Abstract
This article describes an intrusion detection technique that aims to
enhance the security of computing systems. The idea of intrusion detection
is based on the hypothesis that computer users are typically involved in
specific types of activity, and the set of programs they will use will
normally reflect that activity. Hence, security violations could be detected
from abnormal patterns of system usage. Intrusion detection almost invariably
involves two components: system monitoring and data analysis. In general, system
monitoring records everything that each user performs in the system. Monitoring
information is analyzed by use of some data analysis technique to abstract user
behavior patterns from the audit log. Although the concept of system monitoring
is widely supported in today's computer systems (at least for accounting purposes),
the provision of tools for analyzing monitoring information is not sufficient.

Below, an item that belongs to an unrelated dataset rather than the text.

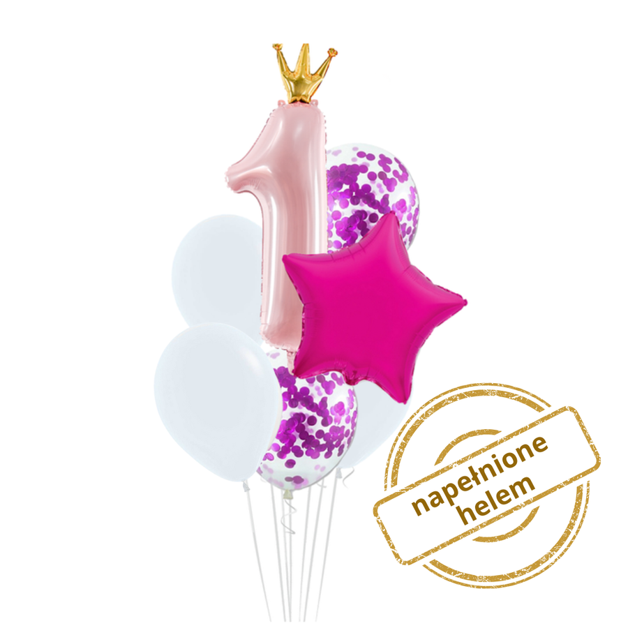 Zestaw balonów Bukiet balonowy Roczek dziewczynki różowy (7 szt.) Z HELEM

We present a multivariate data analysis of user behavior patterns in intrusion
detection. Our system records all user activities in each login session; abnormal
sessions are identified when the monitoring data are analyzed. Data analysis
involves two steps: analysis of correlations and classification of behavior patterns.
Analysis of correlations, which is based on standardized principal components
analysis, partitions the set of users sessions into groups such that sessions
within the same group are closely correlated and hence governed by the same
behavior pattern. Classification of behavior patterns is automated by a cluster
recognition technique. To visualize analysis results, the multivariate data
set is summarized by factor analysis.